Now everyone is over Easter and the glut of ‘Hot Cross Buns’ I thought I would dust off an old chestnut ‘ Does a Yorkshire teacake contain currants?’ I am clear that a breadcake is plain usually flat and useful for lunchtime sarnies. A teacake can also be, sans dried fruit, made into a savoury sandwich but is lighter and more cakey than bready. Many’s the ‘Drip Teacake’ I ate from the Ivegate pork butchers in the 1960’s when I was training.
A currant teacake is just that, a simple teacake with some currants, nothing more nothing less. A fruit teacake can have all manner of bits and pieces including my favourite sultanas. Both make a brilliant toasted teacake with lashings of butter.

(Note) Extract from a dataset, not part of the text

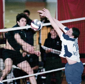 Daniel M. Roy '03 hits past an opponent Saturday in Rockwell Cage. The Englneers lost 1-3 to Roger Williams University.

A couple of years ago the Dalesman ran a discussion group on the subject and some contributions can be found here.
Some good Yorkshire folk emigrated to Australia and in a book The Art Of Living In Australia”, by Philip E. Muskett. they remembered this old recipe
Yorkshire Tea Cakes
¾ lb. Flour….. 1½d.
1 Egg…… 1d
1½ gills Milk….. 1d.
1 tablespoonful Yeast ½d.
½ tablespoonful Sugar
1 oz. Butter….. 1d.
Total Cost – 5d. Time – One Hour and a Quarter.
Rub the butter and flour together, make a well in the centre, sprinkle in the sugar, and drop in the egg. Mix the yeast and sugar in a basin, make the milk just tepid, and pour it over the yeast. Strain into the flour and egg and work into a light dough, divide into two parts. Rub a little butter over two small tins, and put one cake in each tin. Cover with thin paper, and stand the tins near the stove for an hour, or until they have risen to at least three times their original size; then bake in a quick oven for fifteen minutes. Serve either plain, or toasted and buttered.
The tasty picture with Yorkshire butter comes from Oh My Apple Pie!